According to PYMNTS’ August 2021 Global B2B Payments Playbook, the average U.S. firm now waits 33 days to receive a cross-border payment, a lag that not only stresses cash flow, but in extreme cases, can prove to be fatal.
Of course, this is happening at a time when international trade is on the rise, and cross-border payments are increasingly in the spotlight. Recent research shows that cross-border small and medium-sized business (SMB) B2B payments represent a $10 billion to $15 billion market, while the broader global B2B payments space is predicted to exceed $35 trillion in 2022.
Stuck on Manual Labor
Many businesses’ payments operations are still reliant on manual labor, making international transfers slow and costly to process, at $50 to $60 per transaction. Eliminating these frictions will require firms to tap into emerging services that both reduce costs and ease the flow – and increase the granularity – of transaction-related information.

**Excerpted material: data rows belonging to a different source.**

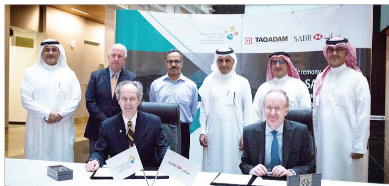
جانب من حفل إطلاق البرنامج المشترك

لانتقال من المختبر إلى السوق». وأضاف: «نحن متحمسون للعمل مع سبب في هذا البرنامج الجديد الرامي إلى تسريع المشاريع الجامعية الجديدة، ومساعدة الشركات الناشئة على أخذ فرصتها وتحقيق كامل إمكاناتها...» جدير بالذكر أن برنامج "تقدم" مفتوح أمام جميع الطلبة وأعضاء هيئة التدريس والموظفين وخريجي الجامعات الجدد السعوديين؛ حيث يجب أن يمتلك المتقدم فكرة تجارية قادرة على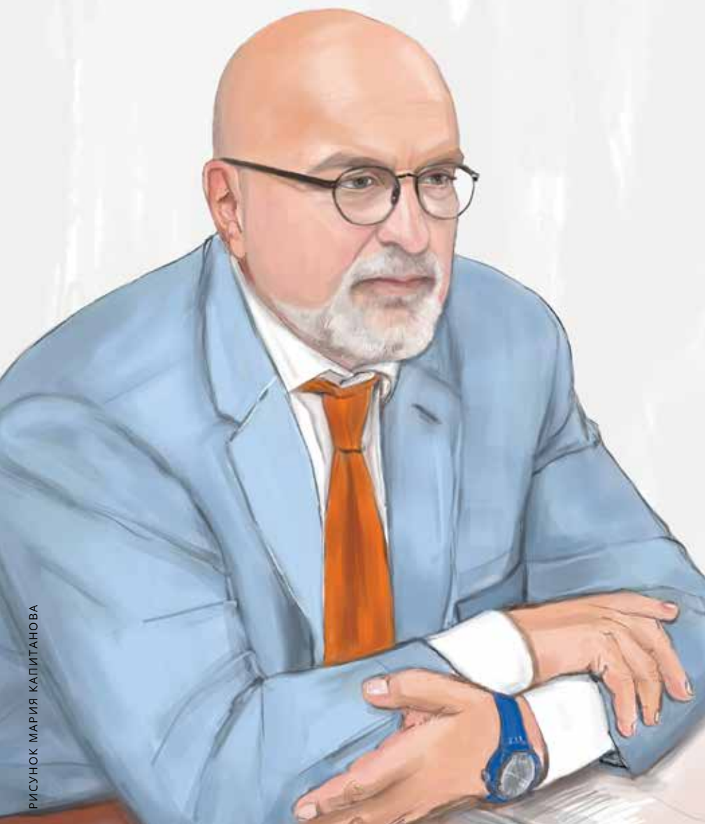
РИСУНОК МАРИЯ КАПИТАНОВА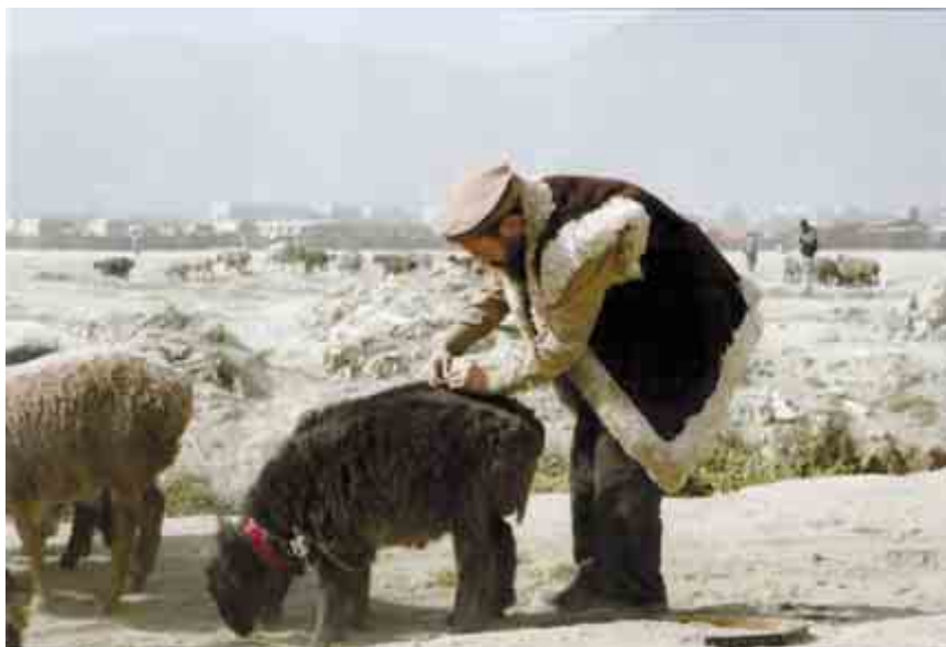
Кабул. Герман в Афганистане выбирает барана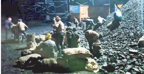
खदान से कोयला चोरी करते ग्रामीण।

इन दिनों गायत्री खदान से कोयला चोरी होने का सिलसिला थमने का नाम नहीं ले रहा। दिनदहाड़े कोयला चोरी ने प्रबंधन को नक में दम कर दिया है बल्कि सरकारी राजस्व को भी नुकसान पहुंच रहा है। हैरानी की बात तो यह है कि सुरक्षा के लिए जवानों की तैनाती के बावजूद चोरी का सिलसिला रुकने का नाम नहीं ले रहा है। सूरजपुर-सरगुजा सीमावर्ती क्षेत्र में कोयला चोरी का पूरा नेटवर्क बेहद संगठित तरीके से काम कर रहा है। खदान के अलग-अलग हिस्सों में मोटरसाइकिल और मिनी वाहनों के जरिए कोयला निकाल आसपास क्षेत्रों में खपा रहे हैं। ठंड बढ़ते ही एक बार फिर गायत्री खदान में

The Global B2B Payments Playbook reports that businesses and financial services providers around the globe are rolling out cross-border innovations to help them streamline and accelerate B2B payments.

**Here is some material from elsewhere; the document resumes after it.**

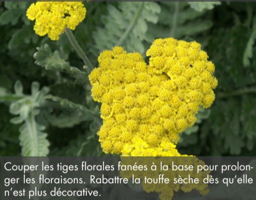
3. ACHILLEA 'Moonshine' - Achillée

Couper les tiges florales fanées à la base pour prolonger les floraisons. Rabattre la touffe sèche dès qu'elle n'est plus décorative.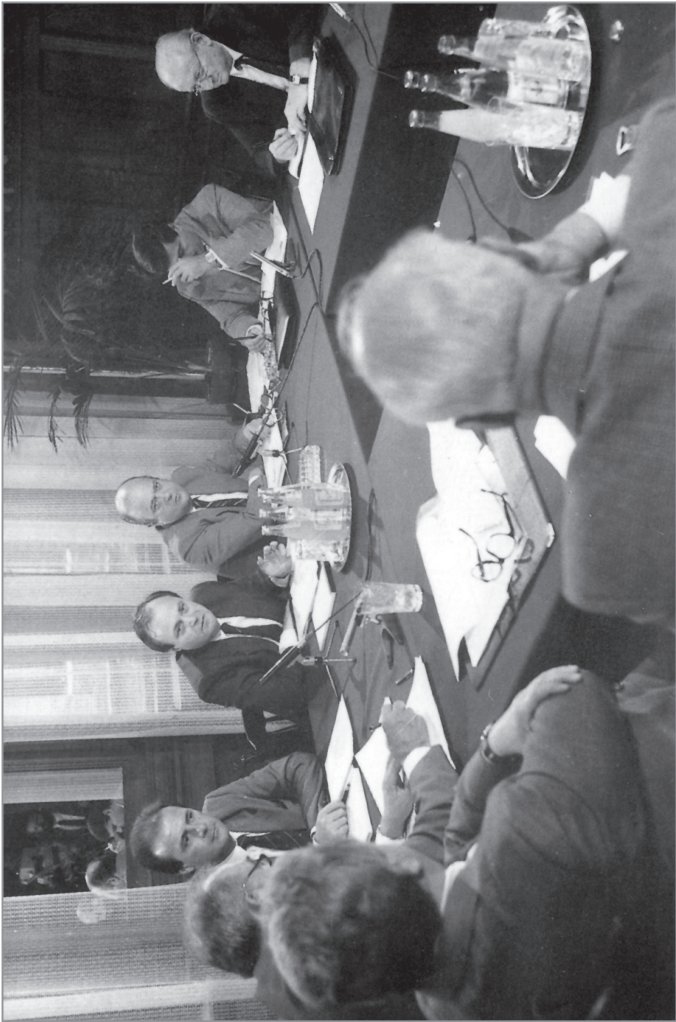
Az Országos Érdekegyeztető Tanács alakuló ülése 1988. október 14-én.

Banking-as-a-Service (BaaS) is one way to transform B2B financial services. Businesses of all sizes stand to benefit directly from leveraging APIs that tailor their offerings to their business clients and consumers.
Proponents say BaaS makes it easier for businesses to develop tools for sending and receiving B2B payments, while also allowing them to manage financial data through APIs, artificial intelligence (AI) and cloud-based technologies.
Moreover, the transactions that BaaS enables do not represent just money movement. B2B payments also offer rich data that can be analyzed to provide organizations with greater financial transparency and control as well as improved user experiences.
Blockchain is also emerging as a technology that could help streamline and secure cross-border B2B payments, as evidenced by recent transactions in China. More than 200 SMBs in the country’s Yunnan province have used a government-developed blockchain platform to complete 638 global transactions over a seven-month period, with transfers totaling $580 million. The transactions now can take as little as 15 minutes.
Data integration is another innovation that can provide B2B firms with opportunities to lower costs and streamline payments. Brendan Tansill, president of the Americas at EVO Payments, told PYMNTS’ Karen Webster during a recent interview that while the digitization of B2B payments is a positive development, ample opportunities exist for firms to enhance their payments processes in other ways, too.
Data and data integrations are ready to be utilized, Tansill said, so firms can feed transaction details and card interchange data into their enterprise resource planning (ERP) systems to create more robust workflows.
Global financial messaging service SWIFT recently introduced another innovation: a service that enables banks to verify a beneficiary’s account information before payments are made. The company said the payment pre-validation service is aimed at fueling instant and friction-free transactions for businesses and consumers worldwide by helping them send payments confidently and securely.